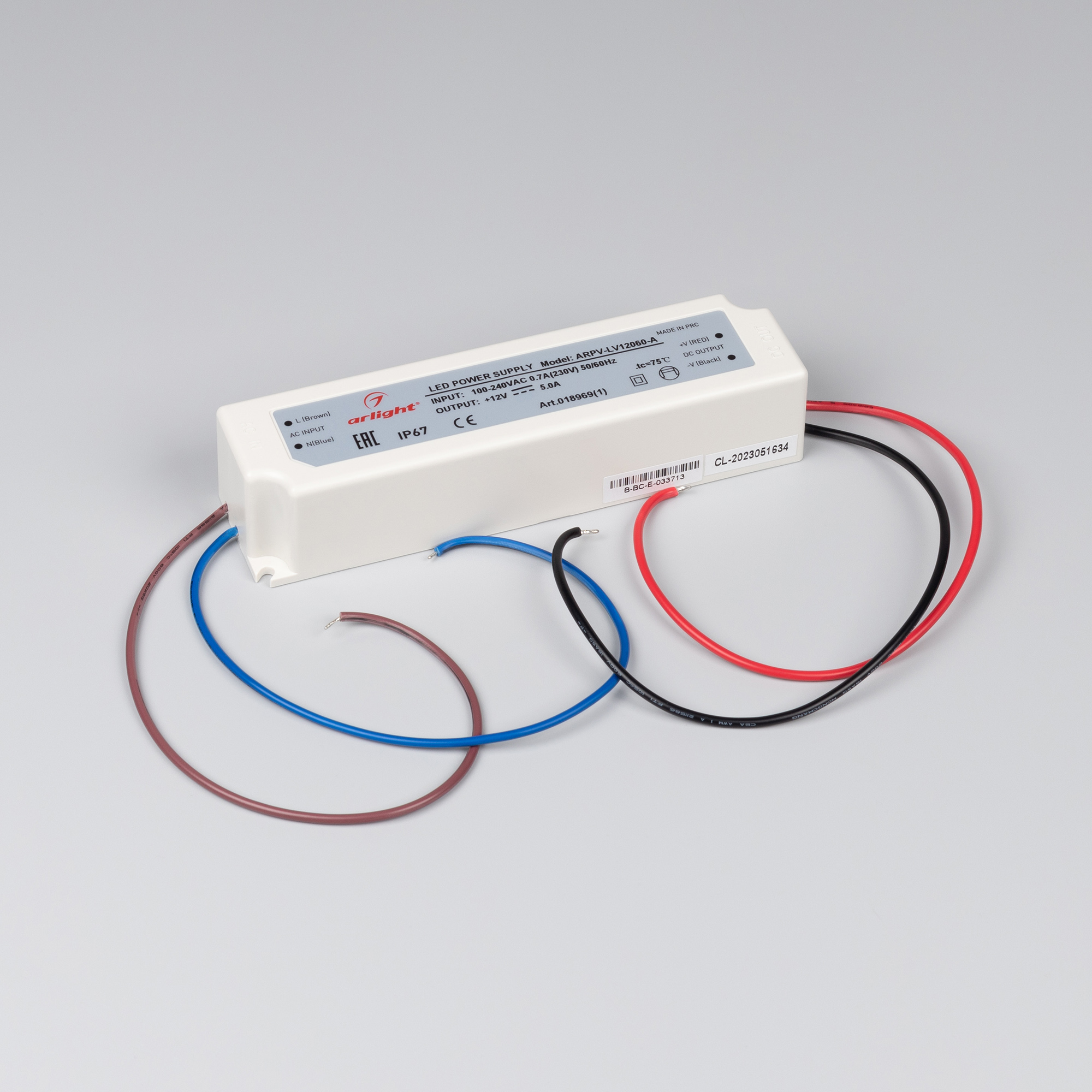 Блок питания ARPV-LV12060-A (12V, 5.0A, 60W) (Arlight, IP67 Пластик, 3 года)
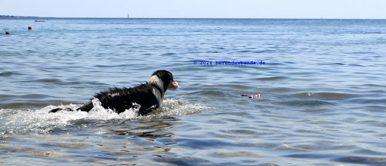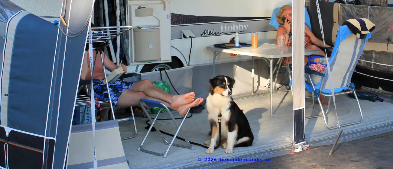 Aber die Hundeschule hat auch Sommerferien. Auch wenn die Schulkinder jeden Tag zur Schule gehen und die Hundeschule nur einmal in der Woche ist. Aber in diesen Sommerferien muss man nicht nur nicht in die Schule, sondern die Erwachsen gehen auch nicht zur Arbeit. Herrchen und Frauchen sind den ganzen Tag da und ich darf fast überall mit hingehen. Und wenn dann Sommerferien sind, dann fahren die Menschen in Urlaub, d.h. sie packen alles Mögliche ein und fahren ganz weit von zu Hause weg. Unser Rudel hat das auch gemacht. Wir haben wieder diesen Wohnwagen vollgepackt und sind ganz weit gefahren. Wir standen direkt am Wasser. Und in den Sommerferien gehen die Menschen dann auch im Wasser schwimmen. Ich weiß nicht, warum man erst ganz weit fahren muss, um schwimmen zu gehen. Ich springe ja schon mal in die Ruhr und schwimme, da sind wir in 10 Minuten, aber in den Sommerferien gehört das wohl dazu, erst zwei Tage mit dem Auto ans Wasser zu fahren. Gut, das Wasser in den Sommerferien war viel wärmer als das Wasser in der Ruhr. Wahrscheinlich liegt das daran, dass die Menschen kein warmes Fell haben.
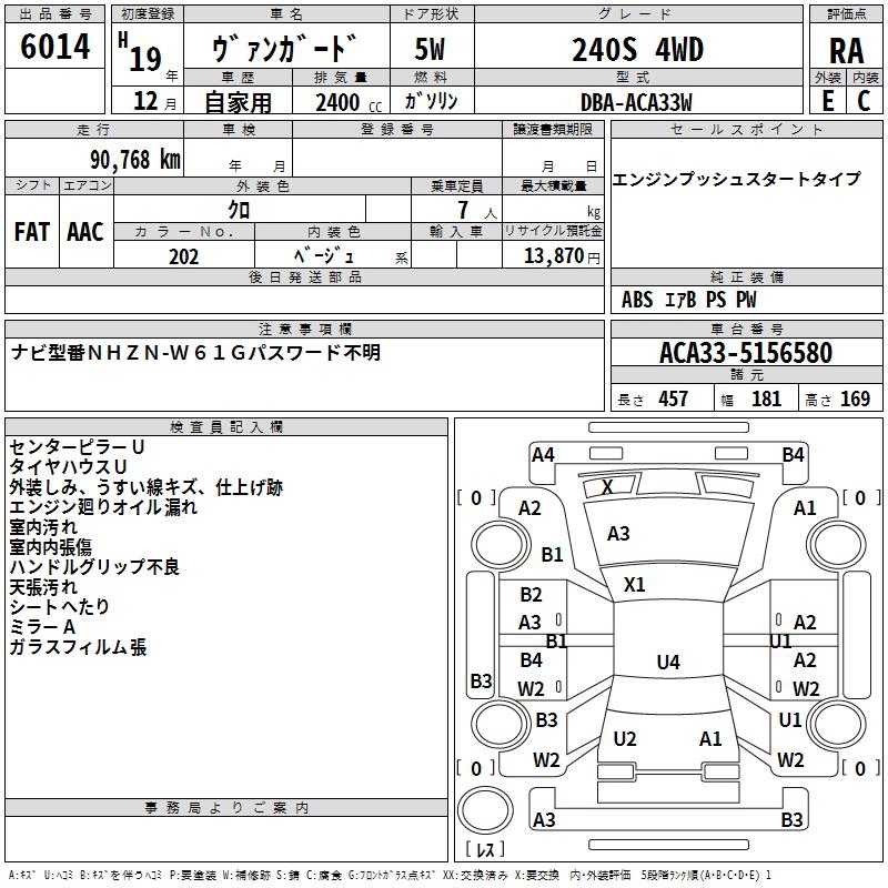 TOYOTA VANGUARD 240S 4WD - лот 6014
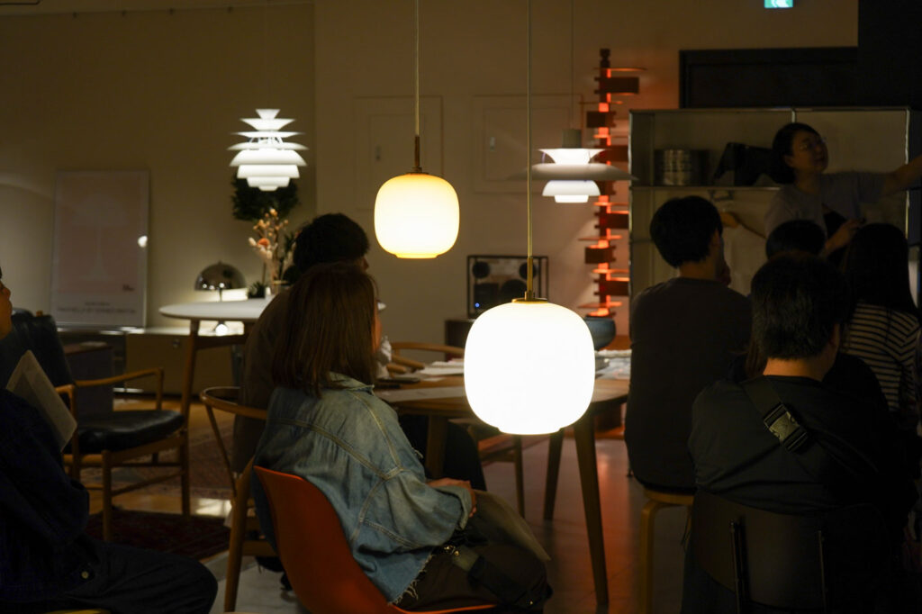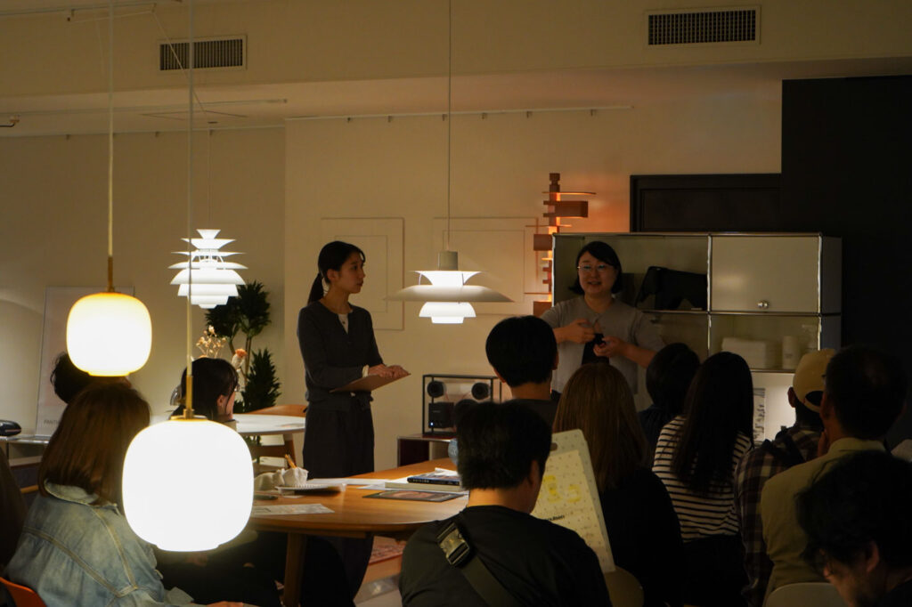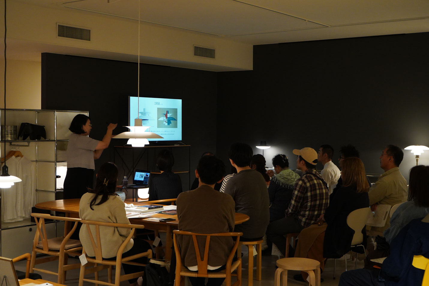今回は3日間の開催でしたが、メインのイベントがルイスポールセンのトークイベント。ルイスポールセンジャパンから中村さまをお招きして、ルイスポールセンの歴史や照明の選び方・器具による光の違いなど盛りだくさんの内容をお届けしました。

^^^^^^^^

*Exercise description:*
Repeat the listing verbatim. Skip the pictures.

*Answer below:*
 Блок питания ARPV-LV12060-A (12V, 5.0A, 60W) (Arlight, IP67 Пластик, 3 года)
 Aber die Hundeschule hat auch Sommerferien. Auch wenn die Schulkinder jeden Tag zur Schule gehen und die Hundeschule nur einmal in der Woche ist. Aber in diesen Sommerferien muss man nicht nur nicht in die Schule, sondern die Erwachsen gehen auch nicht zur Arbeit. Herrchen und Frauchen sind den ganzen Tag da und ich darf fast überall mit hingehen. Und wenn dann Sommerferien sind, dann fahren die Menschen in Urlaub, d.h. sie packen alles Mögliche ein und fahren ganz weit von zu Hause weg. Unser Rudel hat das auch gemacht. Wir haben wieder diesen Wohnwagen vollgepackt und sind ganz weit gefahren. Wir standen direkt am Wasser. Und in den Sommerferien gehen die Menschen dann auch im Wasser schwimmen. Ich weiß nicht, warum man erst ganz weit fahren muss, um schwimmen zu gehen. Ich springe ja schon mal in die Ruhr und schwimme, da sind wir in 10 Minuten, aber in den Sommerferien gehört das wohl dazu, erst zwei Tage mit dem Auto ans Wasser zu fahren. Gut, das Wasser in den Sommerferien war viel wärmer als das Wasser in der Ruhr. Wahrscheinlich liegt das daran, dass die Menschen kein warmes Fell haben.
 TOYOTA VANGUARD 240S 4WD - лот 6014
今回は3日間の開催でしたが、メインのイベントがルイスポールセンのトークイベント。ルイスポールセンジャパンから中村さまをお招きして、ルイスポールセンの歴史や照明の選び方・器具による光の違いなど盛りだくさんの内容をお届けしました。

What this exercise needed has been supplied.